Emiline Trenton
Emiline explores intimacy within self, healing through the bodily and the performative. She is an international practitioner, interrogating architectural textiles for pain and rehabilitation, working artistically and methodically as an artist, designer, and researcher.
Fascinated by the dialogue between structures and the body. It is haptic, the subversive, honing the deeply personal, reflecting upon ancestral trauma and oppression of bodies. Merging the poetic and the scientific, she employs knit to catalyze a lost layer of protection, shielding and unveiling.
Emiline is a graduate of the Master of Arts, Textiles Programme at Royal College of Art and the Bachelor of Industrial Design, Industrial and Interaction Design Program at Syracuse University, New York.
Pain Bodies is a series of sculptural knit works that emerge from a personal and collective need to process pain—held in the body, inherited through lineage, and embedded in the fiber.
The work reflects on loss, trauma, and care, and began with the intimate memory of losing a beloved sweater after the passing of my aunt. That unraveling became a catalyst: a tender inquiry into the ways we armor ourselves emotionally, and the moments when that protection begins to soften.

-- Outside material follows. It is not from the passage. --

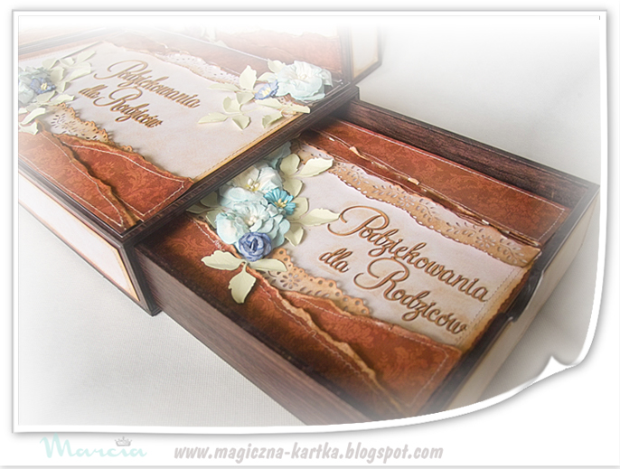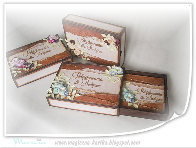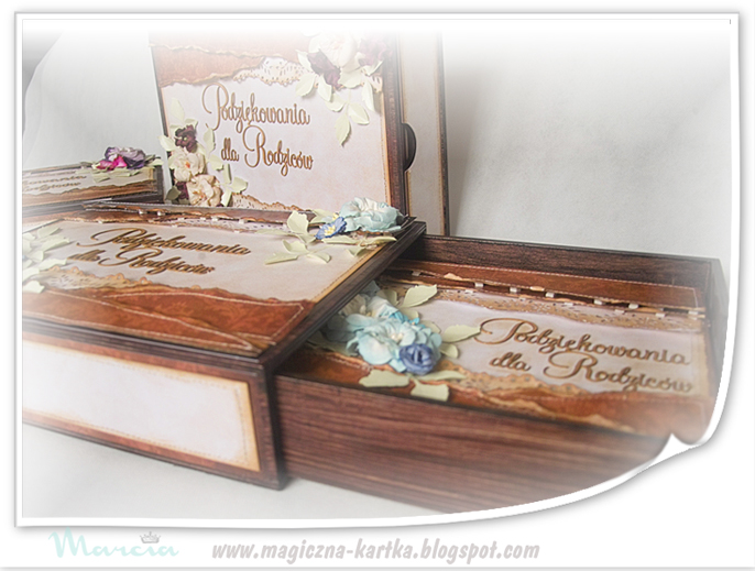 Dzisiaj przygotowałam niezwykłe podziękowania dla rodziców, w formie albumów, chowanych do drewnianych skrzynko – szufladek.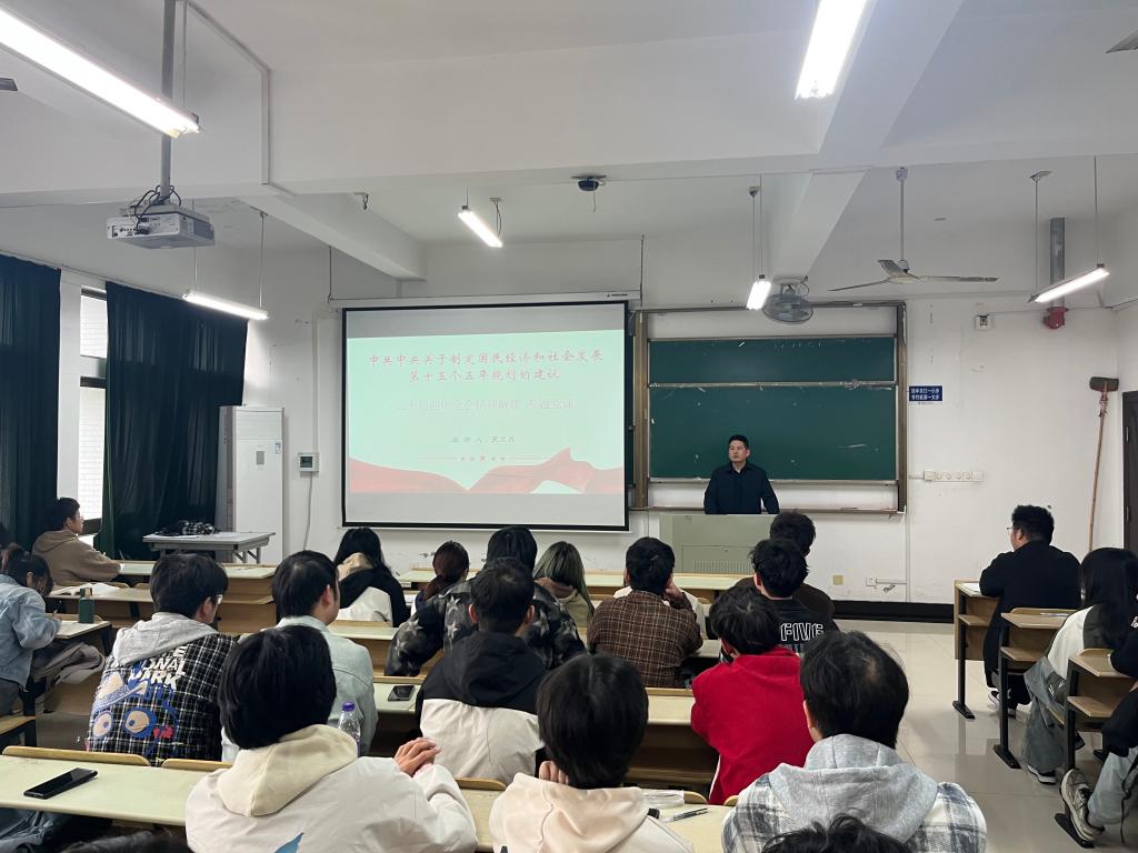 随后,吴文兵为入党积极分子讲授深入贯彻党的二十届四中全会精神专题党课。他结合全会审议通过的《中共中央关于制定国民经济和社会发展第十五个五年规划的建议》(以下简称《建议》),从历史维度切入,指出党的二十届四中全会是在“十四五”成就基础上、迈向2035年基本实现社会主义现代化目标的关键节点召开的重要会议。《建议》的通过,标志着我国进入“夯实基础、全面发力”的新阶段。他指出,“十五五”时期是分阶段推进中国式现代化的攻坚期,必须以高质量发展为主线,统筹教育、科技、人才三大战略资源,为全面建设社会主义现代化国家提供持久动力。他强调,作为新时代青年,你们既是‘十五五’规划的见证者,更是参与者。全会提出的七个主要目标——从科技自立自强到美丽中国建设,从人民生活品质提升到国家安全巩固,每一项都与你们的成长息息相关。他鼓励入党积极分子将个人理想融入国家发展大局,在科技创新、乡村振兴、社会服务等领域展现青春担当。

These forms are knitted with tension, weight, and intentional compression—some droop, others resist. They mirror the contradictions of healing: fragility and strength, grief and grounding. The materials stretch and hold, shaping cavities that feel anatomical, spiritual, and architectural. Each Pain Body is a gesture toward protection, but also exposure—hovering between presence and absence.
I consider these works to be restorative tools. They are not solutions, but invitations: to sit with discomfort, to trace the ways pain moves through structure. Performed, suspended, or draped, they invite a meditative slowness. Pain Bodies are both shield and offering—textiles not only as surface, but as systems for remembering, holding, and transforming.